Challenge Name: Panic Attack I
Category: Forensics
CTF: CyberSummit V4.0 CTF
Description: “A cursed spirit has infiltrated Jujutsu High’s systems — no barrier can stop it.” The sorcerers of Jujutsu High have detected an anomaly. Their main workstation has been struck by a Cursed Malware — a technique so vile it leaves traces even the strongest Reverse Cursed Technique cannot erase. Hidden within the infected system lies a suspicious file, whispering secrets in a language only the worthy can unveil it.
Can you channel your inner sorcerer, hunt down the cursed artifact, and uncover what it’s hiding before the Culling Game begins?
Here’is the challenge file for Panic Attack I: Panic Attack
The Challenge#
We’re given a memory dump called Cursed.dump and a vague but intriguing description: “A cursed spirit has infiltrated Jujutsu High’s systems… Hidden within the infected system lies a suspicious file, whispering secrets in a language only the worthy can unveil it.” Basically, there’s malware in the system and we need to find it and extract the secrets it’s hiding.
Initial Reconnaissance: What’s in the Dump?#
The challenge gives us a memory dump, which immediately screams Volatility. Before diving deep, I needed to figure out what OS we’re dealing with. A quick banner check tells us everything:
volatility -f Cursed.dump banners.Banners
It’s a Linux memory dump, specifically from Debian. This is crucial because it determines which Volatility plugins we’ll use and what filesystem structure to expect.
Extracting the Filesystem: Finding the Needle in the Haystack#
Volatility has a fantastic feature to dump the entire filesystem from a memory image. I extracted everything into a zip package:
After extracting, I got a ton of folders. Rather than wandering aimlessly, I sorted by size to identify the biggest directory — which typically contains the full Linux root filesystem. Bingo.
when overwhelmed with data, prioritize by size. The attacker’s artifacts are usually in the most populated directories.
The Hunt: script.py Stands Out#
I navigated to the home directory expecting to find user files, configs, maybe some bash history. What I found was… interesting. Among the normal stuff, there was a file that immediately caught my attention: script.py.
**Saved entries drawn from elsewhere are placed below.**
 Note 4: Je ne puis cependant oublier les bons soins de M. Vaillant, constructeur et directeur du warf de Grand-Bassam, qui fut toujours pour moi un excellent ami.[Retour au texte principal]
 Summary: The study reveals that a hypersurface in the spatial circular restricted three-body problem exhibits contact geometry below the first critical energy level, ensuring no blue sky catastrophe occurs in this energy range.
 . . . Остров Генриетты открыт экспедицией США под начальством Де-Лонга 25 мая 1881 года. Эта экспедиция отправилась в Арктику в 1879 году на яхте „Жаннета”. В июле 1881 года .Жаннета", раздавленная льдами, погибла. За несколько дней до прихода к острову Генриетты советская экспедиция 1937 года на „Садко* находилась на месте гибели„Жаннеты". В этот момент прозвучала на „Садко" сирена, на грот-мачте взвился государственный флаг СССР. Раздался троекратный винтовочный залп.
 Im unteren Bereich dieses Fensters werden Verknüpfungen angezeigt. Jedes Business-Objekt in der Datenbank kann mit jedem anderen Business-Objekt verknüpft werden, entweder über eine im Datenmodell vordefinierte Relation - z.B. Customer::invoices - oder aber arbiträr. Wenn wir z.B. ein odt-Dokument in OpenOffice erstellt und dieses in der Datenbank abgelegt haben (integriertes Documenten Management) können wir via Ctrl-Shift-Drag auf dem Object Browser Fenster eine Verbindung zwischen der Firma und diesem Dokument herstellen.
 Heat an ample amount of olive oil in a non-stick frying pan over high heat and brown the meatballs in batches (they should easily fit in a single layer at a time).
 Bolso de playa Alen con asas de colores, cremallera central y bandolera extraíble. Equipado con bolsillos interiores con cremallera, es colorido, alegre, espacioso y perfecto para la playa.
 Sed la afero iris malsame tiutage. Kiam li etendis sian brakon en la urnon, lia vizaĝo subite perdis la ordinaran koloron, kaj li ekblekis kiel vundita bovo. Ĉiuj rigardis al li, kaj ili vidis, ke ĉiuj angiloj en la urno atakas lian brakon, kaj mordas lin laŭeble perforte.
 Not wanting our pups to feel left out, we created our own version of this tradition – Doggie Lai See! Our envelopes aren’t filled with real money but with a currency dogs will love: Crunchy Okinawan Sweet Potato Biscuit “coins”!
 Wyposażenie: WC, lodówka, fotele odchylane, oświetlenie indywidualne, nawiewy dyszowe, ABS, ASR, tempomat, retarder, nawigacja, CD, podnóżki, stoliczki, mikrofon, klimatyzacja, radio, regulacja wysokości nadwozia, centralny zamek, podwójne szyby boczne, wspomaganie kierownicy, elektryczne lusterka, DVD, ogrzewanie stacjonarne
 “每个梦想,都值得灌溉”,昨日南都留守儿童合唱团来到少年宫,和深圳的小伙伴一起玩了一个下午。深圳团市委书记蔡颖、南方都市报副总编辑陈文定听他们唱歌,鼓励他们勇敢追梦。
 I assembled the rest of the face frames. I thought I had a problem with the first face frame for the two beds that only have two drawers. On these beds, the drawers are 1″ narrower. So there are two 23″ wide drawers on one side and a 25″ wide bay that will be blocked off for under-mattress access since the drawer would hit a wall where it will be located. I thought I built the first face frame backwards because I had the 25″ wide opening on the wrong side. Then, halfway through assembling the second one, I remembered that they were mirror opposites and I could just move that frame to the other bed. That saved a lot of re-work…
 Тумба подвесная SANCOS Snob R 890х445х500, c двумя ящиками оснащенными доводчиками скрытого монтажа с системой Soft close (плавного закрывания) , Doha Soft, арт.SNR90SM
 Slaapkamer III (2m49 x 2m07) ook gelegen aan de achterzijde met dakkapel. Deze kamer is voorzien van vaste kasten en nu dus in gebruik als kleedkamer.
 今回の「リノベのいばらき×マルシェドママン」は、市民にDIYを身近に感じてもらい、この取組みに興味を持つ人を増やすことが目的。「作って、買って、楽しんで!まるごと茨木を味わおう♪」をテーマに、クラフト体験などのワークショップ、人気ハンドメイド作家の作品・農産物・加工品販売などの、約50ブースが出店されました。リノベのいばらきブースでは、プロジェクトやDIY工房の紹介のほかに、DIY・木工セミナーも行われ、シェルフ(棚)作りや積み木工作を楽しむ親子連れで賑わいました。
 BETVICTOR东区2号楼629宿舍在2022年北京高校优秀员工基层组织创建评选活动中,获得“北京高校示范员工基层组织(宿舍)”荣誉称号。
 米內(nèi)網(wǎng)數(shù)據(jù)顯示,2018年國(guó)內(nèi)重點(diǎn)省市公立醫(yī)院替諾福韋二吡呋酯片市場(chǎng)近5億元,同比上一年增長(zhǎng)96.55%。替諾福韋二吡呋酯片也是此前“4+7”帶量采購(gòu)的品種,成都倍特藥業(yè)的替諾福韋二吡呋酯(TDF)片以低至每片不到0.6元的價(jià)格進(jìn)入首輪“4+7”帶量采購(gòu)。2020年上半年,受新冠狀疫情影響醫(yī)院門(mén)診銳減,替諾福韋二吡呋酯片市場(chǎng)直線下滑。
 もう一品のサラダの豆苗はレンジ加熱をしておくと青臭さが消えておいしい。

The Smoking Gun: Fake Registry Key#
I examined script.py and found something odd. It contained what looked like a fake function with a hardcoded registry key:
HKEY_LOCAL_MACHINE\System\malware
Wait. Registry keys? That’s Windows-specific syntax, but we found this in a Linux memory dump. This is a red flag—literally encoded into the malware as a breadcrumb. The challenge description mentioned Cursed Malware, and this registry key reference is exactly the kind of obfuscated hint that challenges love to hide.
This file is clearly our target. Time to investigate it further.
Leveraging Threat Intelligence: VirusTotal#
At this point, I had the malware file, but the flag wasn’t inside it. The challenge hinted that I need to “unveil” what it’s hiding. So I uploaded script.py to VirusTotal — the ultimate threat intelligence database.
Here’s where it gets interesting: the file was scanned approximately one month ago. That’s recent. It’s not some ancient malware from 2015—this is active, recent threat activity.
Final Flag#
I navigated to the Details tab on VirusTotal, and there it was—buried in the threat intelligence data, the flag was sitting right there:
Flag:
CyberTrace{H4N4M1_GR0W1NG_BR4NCH35_T3CHN1QU3}
Key Takeaways#
- Memory forensics requires methodical exploration — Start with basics (banner, OS identification) before diving into deep analysis.
- Context matters — A Windows registry key in Linux malware is a deliberate hint that something is wrong with that file.
- Threat intelligence is your friend — Sometimes the flag isn’t in the malware itself, but in the metadata that external services have already collected.
- Challenges reward lateral thinking — The solution wasn’t buried deep in hex dumps or memory sections; it was in a public threat intelligence database.